The Quick Fix Regulation defers the requirement for first wave companies to report on the anticipated financial effects of certain sustainability-related risks until the 2027 financial year. It also allows all first wave companies to benefit from the phase-in provisions relating to European Sustainability Reporting Standards (ESRS) E4 (biodiversity and ecosystems), ESRS S2 (workers in the value chain), ESRS S3 (affected communities) and ESRS S4 (consumers and end-users), which previously applied only to companies with up to 750 employees.
Additionally, it extends to first wave companies the safeguard provision that allows a company using temporary exemptions for a complete topic standard to report certain summarised information on the topic if it is material.
The Quick Fix Regulation applies retrospectively to financial years beginning on or after 1 January 2025. The Commission and the European Financial Reporting Advisory Group (EFRAG) are also working on separate legislation to simplify and clarify the ESRS Regulation.
European Parliament introduces amendments to proposed EU Climate Law Regulation
On 13 November 2025, the European Parliament adopted amendments to the European Commission's proposal for a regulation amending Regulation (EU) 2021/1119 establishing the framework for achieving climate neutrality, which would set a 2040 greenhouse gas emissions reduction target of 90% of 1990 emissions.
While endorsing the 90% reduction target for emissions by 2040 compared with 1990 levels, the Parliament adopted several amendments.
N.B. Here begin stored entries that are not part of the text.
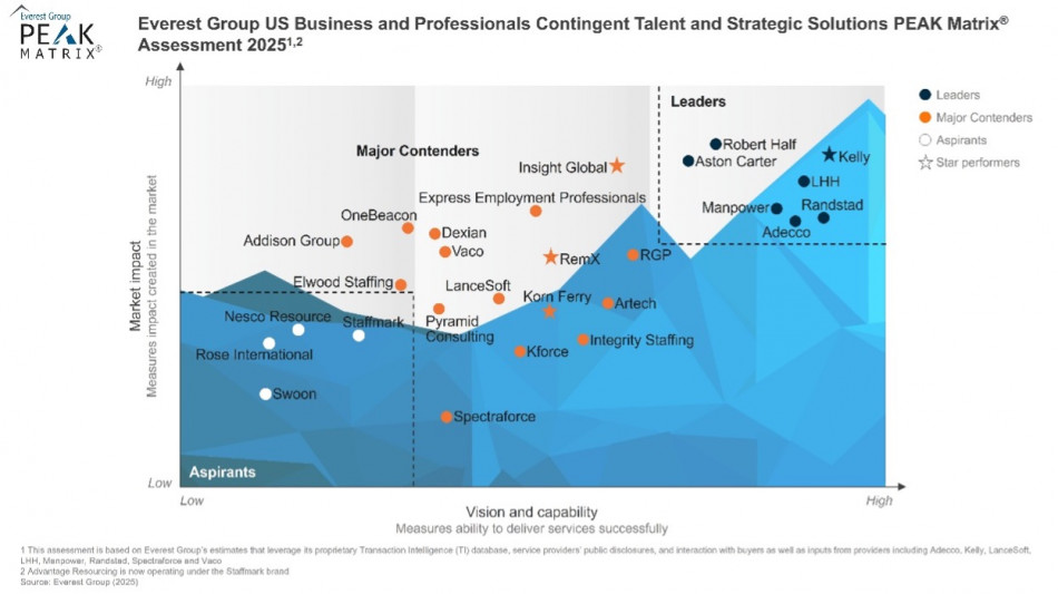 The report explores the contingent staffing provider landscape in the United States and its market impact in 2025 for white-collar workers across IT, Engineering, as well as Business & Professionals industries. Providing the market's overview and analysis on different contingent talent and strategic solutions providers, LHH Recruitment Solutions is noted as a differentiator based on the Everest Group's PEAK Matrix evaluation. This marks LHH's third back-to-back leadership honor in the Everest PEAK Matrix Contingent Talent & Strategic Solutions assessment, as LHH previously ranked a Leader and Star Performer in 2024, and a Leader in 2023.
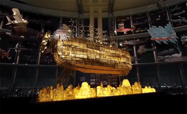 這個飛船源自於大師宮崎駿編劇兼導演的作品《天空之城》,不時咻咻叫的數十個螺旋槳,彷彿真的要讓飛船破窗而出,翱翔天際~~當觀賞距離稍微縮近一點時,仔細一看,才發現每個船體的零件,簡直就是從動畫裡偷運出來的,而且最美的是,這個定點航行的飛船還會發光呢~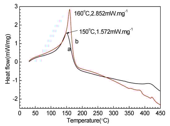 In order to discuss the effect of RGO/NCC on the curing behavior of the TPU, the curing profiles of the pure TPU solution and RGO/NCC-TPU solution containing 1.5 wt% RGO was measured by DSC, as shown in Figure 2. Seen from Figure 2, the curing temperatures of the pure TPU solution and RGO/NCC-TPU solution containing 1.5 wt% RGO are 150 and 160 °C, respectively, which indicated that graphene improve the thermal stability of TPU. The total reaction heat of the pure TPU and RGO/NCC-TPU containing 1.5 wt% RGO is 1.572 mW·mg−1 and 2.852 mW·mg−1, respectively. It is indicated that RGO/NCC affect the curing behavior of TPU and reduce the cross-linking density.

On international carbon credits, from 2036 up to 5% of net emission reductions could come from high-quality credits from partner countries (as opposed to 3% proposed by the Commission), with robust safeguards. The Parliament also backs delaying the start of the EU Emissions Trading System by one year, from 2027 to 2028.
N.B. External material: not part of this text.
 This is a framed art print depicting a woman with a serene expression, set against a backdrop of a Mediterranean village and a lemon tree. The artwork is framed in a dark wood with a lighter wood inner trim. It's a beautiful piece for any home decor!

On the 2040 target review, the Parliament calls on the Commission to review progress every two years and, if needed, propose changes to the climate law, adjusting the 2040 target or introducing measures to reinforce the framework and safeguard competitiveness, prosperity and social cohesion.
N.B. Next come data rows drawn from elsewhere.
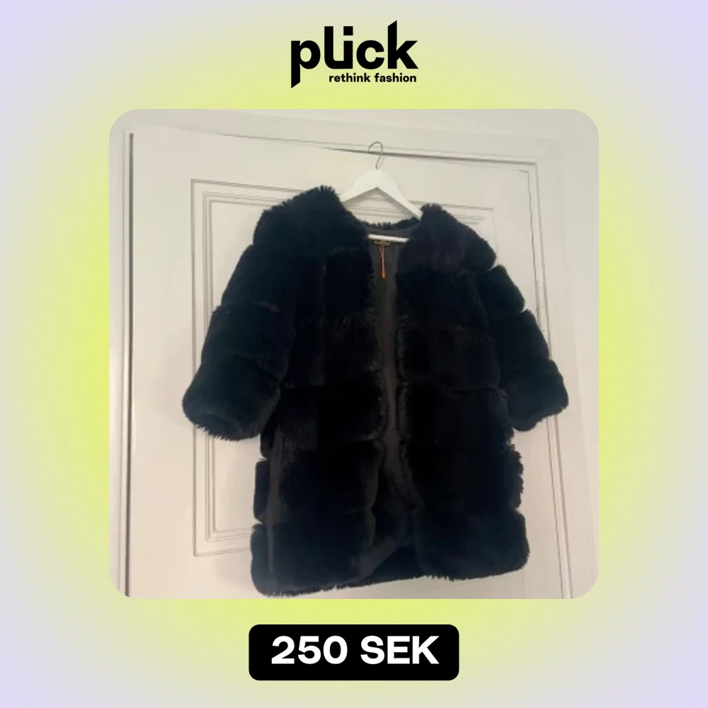 Svart jacka passar bra för vinter/ kall höst. 3/4 ärmar Slutar strax ovanför knäna. Kan stängas med hjälpa av hakarna (se bild)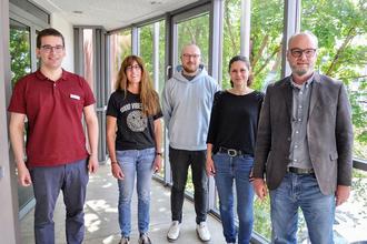 Die Umsetzung der OZG-Leistung Elterngeld wurde gemeinsam vom Jugendamt der Kreisverwaltung und dem Fachbereich Organisation, Zentrale Dienste, Digitalisierung geleistet. Von links: Yannik Koch, Birgit Elsen, Simon Lippert, Judith Reinhard, Amtsleiter Stefan Urmes (Foto: Kreisverwaltung).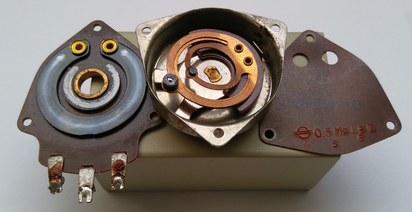 um den Körting Tourist zu vollenden, habe ich mich in Polen in vier Stoffläden umgesehen. Ich wollte schon aufgeben, da fiel mir ein Reststück von 1,6 Metern an Chenille-Möbelbezugsstoff auf, der dem Original noch am Nächsten kam. Leider machte das Lautstärkepoti erneut Probleme. Manchmal sprang die Lautstärke auf den Maximalwert und liess sich nicht mehr regeln. Ich hatte den Eindruck, dass die Benutzung der Kugellager-Kugel der Langlebigkeit der Widerstandsbahn abträglich ist, sodass ich mich zur Wiederbefüllung mit Quecksilber entschloss. Von den Bedenkenträgern im WGF nehme ich schon freiwillig und im Voraus die Schläge entgegen! Der Fehler lag in einem gebrochenen Niet am Ende der Widerstandsbahn. Sie war so wärmeunempfindlich, dass ich beide Nieten von beiden Seiten mit Lötzinn gefüllt habe.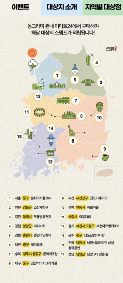이번 스탬프 투어는 ‘로컬100’ 가운데 15곳을 선정하여 이마트24와 연계하여 진행됩니다.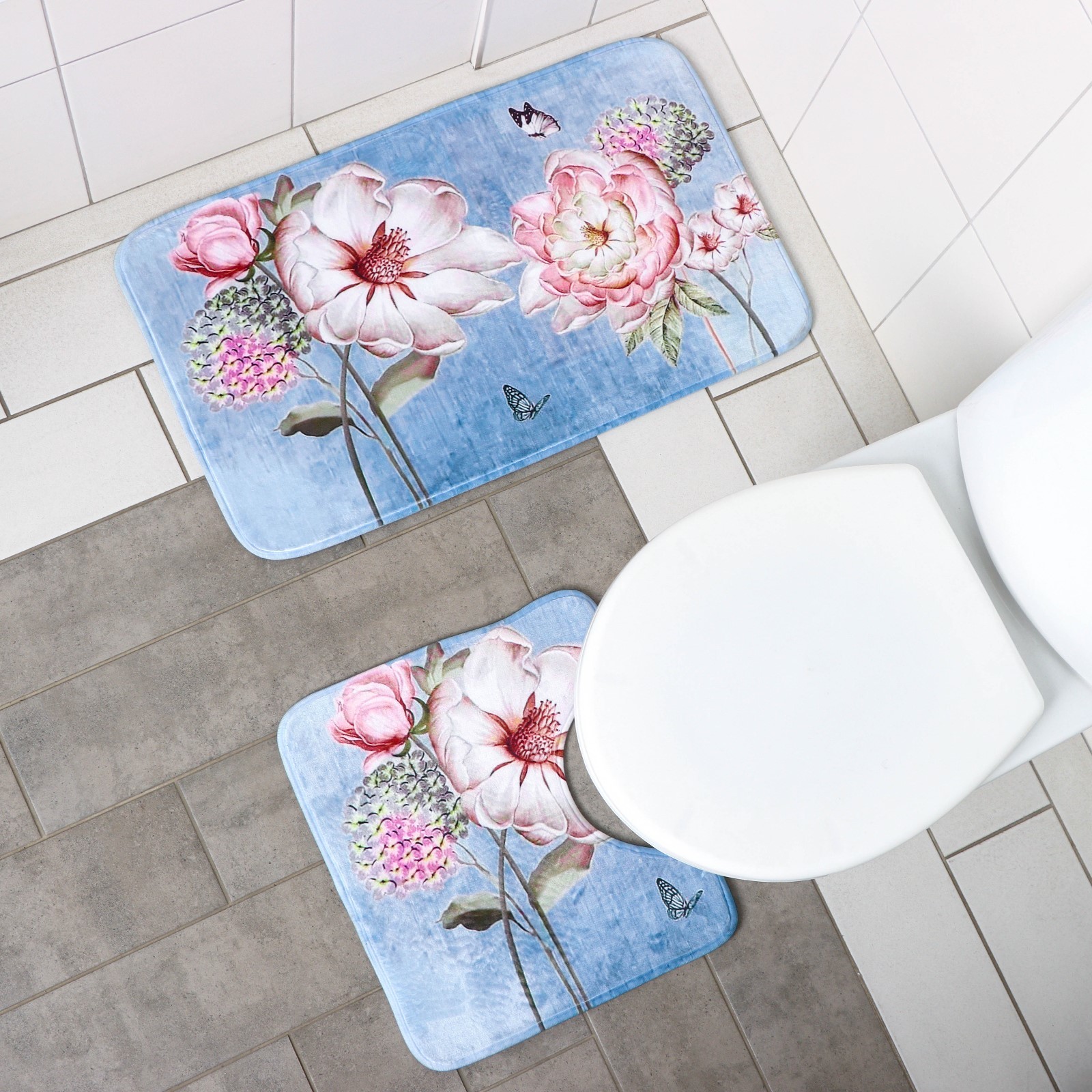 Набор ковриков для ванной и туалета доляна «весна», 2 шт, 40x45 см, 45x75 см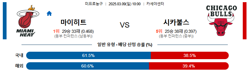 마이애미 대 시카고 NBA 03월09일 맞대결 생중계, 스포츠중계, 스포츠분석

The Council adopted its negotiating mandate on 5 November 2025, meaning informal trilogue negotiations are now expected to start.
UK
Consultation on expanding climate change agreement scheme eligibility
HM Revenue & Customs has launched a consultation which runs until 2 December 2025 on draft regulations to expand and refine the Climate Change Agreement (CCA) Scheme from January 2027. Following the government's October 2024 commitment to a new six-year CCA scheme, the consultation proposes adding three new eligible processes:
- Mechanical recycling of plastic.
- Packaging of spirits.
- Production of batteries for electric vehicles.
The draft regulations also introduce technical amendments to consolidate and better define eligibility conditions for existing processes within the scheme, without excluding any businesses currently carrying out eligible activities. The consultation seeks stakeholder feedback on the statutory instrument's drafting to ensure the policy intent is delivered correctly and efficiently.